Fig. 3 EDA of continuous/nominal/ordinal predictors
a) Normal distribution of response variable
b) Log transformation of ‘SalePrice’ to address skew to right
c) Normal distribution of residuals checked
d) Constant variation and auto-correlation
Fig. 4 Assumptions of linear regression verified ( Linear relationship between the response variable and the independent variables were checked in terms of correlation and scatterplots as in Fig. 3 )
Short listing the Features
For modeling and performance evaluations, we decided to shortlist the features on the basis of a correlation threshold of 0.4 (moderate and above, either Pearson or Spearman correlations) with log(SalePrice). After shortlisting, we arrived at a reduced data set with 27 features and 1 response variable. We started from this shortlisted data set, and iteratively searched for data sets which yielded better results in MLR(multiple linear regressions) first.
In Table 2, we compare performance of different linear/non-linear machine learning algorithms. We aimed at lowering the RMSE(square root mean square error) between true log(SalePrice) and predicted log(SalePrice) on the validation fold as much as possible.
In No 1 ~ No 4, we compared linear modelling algorithms such as MLR(Multiple Linear Regression), RR(Ridge Regression), LR(Lasso Regression), and ENR(ElasticNet Regression). After starting from correlation threshold 0.4 for feature shortlisting,and through trial-and-error, we realized that adopting a correlation threshold of 0.3 for 41 input features, in fact, produces better results.
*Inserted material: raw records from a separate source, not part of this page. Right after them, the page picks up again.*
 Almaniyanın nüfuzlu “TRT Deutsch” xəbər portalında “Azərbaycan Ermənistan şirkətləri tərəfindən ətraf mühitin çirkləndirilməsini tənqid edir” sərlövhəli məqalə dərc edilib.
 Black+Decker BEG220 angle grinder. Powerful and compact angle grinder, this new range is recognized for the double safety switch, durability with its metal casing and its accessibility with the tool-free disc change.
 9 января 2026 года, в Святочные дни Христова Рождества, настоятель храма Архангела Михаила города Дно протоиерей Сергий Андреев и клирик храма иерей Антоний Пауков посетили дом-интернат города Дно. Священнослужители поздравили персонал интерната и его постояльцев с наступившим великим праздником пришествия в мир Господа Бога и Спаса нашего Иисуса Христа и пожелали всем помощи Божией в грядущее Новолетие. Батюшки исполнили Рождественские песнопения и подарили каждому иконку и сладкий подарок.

Using the correlation threshold 0l4m, we obtained 0.123 on the validation fold for No 1 ~ No 4. When RR results of No 2 were further extended and submitted to the Kaggle website, we achieved a Kaggle score of 0.13741.
We picked GDR(Gradient Boosting Regression), a non-linear algorithm with less complexity than RFR(random forest regression) but with performance similar to that of RFR, as a comparison case. After further feature selections for finding good GDR performance, we realized that allowing a full set of continuous/ordinal features for GDR improves performance. As in No 5 of Table 2 below, we obtained RMSE of 0.120 on the validation fold, and a Kaggle score of 0.1315.
Table 2. Modeling Results
In Fig. 5, Feature Importance as per random forest modeling is provided.
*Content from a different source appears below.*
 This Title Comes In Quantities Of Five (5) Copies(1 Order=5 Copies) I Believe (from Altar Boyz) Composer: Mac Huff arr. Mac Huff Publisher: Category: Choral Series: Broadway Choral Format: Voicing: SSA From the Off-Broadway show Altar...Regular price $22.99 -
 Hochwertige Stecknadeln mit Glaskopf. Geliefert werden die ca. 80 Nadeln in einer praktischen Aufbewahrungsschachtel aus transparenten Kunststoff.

Fig. 5. Feature Importance as per Random Forest
From feature selection points, we found several points. First, as expected, area is a key driver of prices. Second, while having a garage is important, its qualityis not so important. Thirdly, contrary to expectations, MSSubClass (type of dwelling) and MSZoning (general zoning classification) did not come out as important features. Lastly, Fireplace – both quality and availability – which might be low cost features, are valued
For further studies, we think that more work is needed for dummification of nominal and ordinal variables, and application of domain understanding in combining variables. As for model designs, applying Principal Component Analysis to generate features and then doing regression with key features can further enhance performance.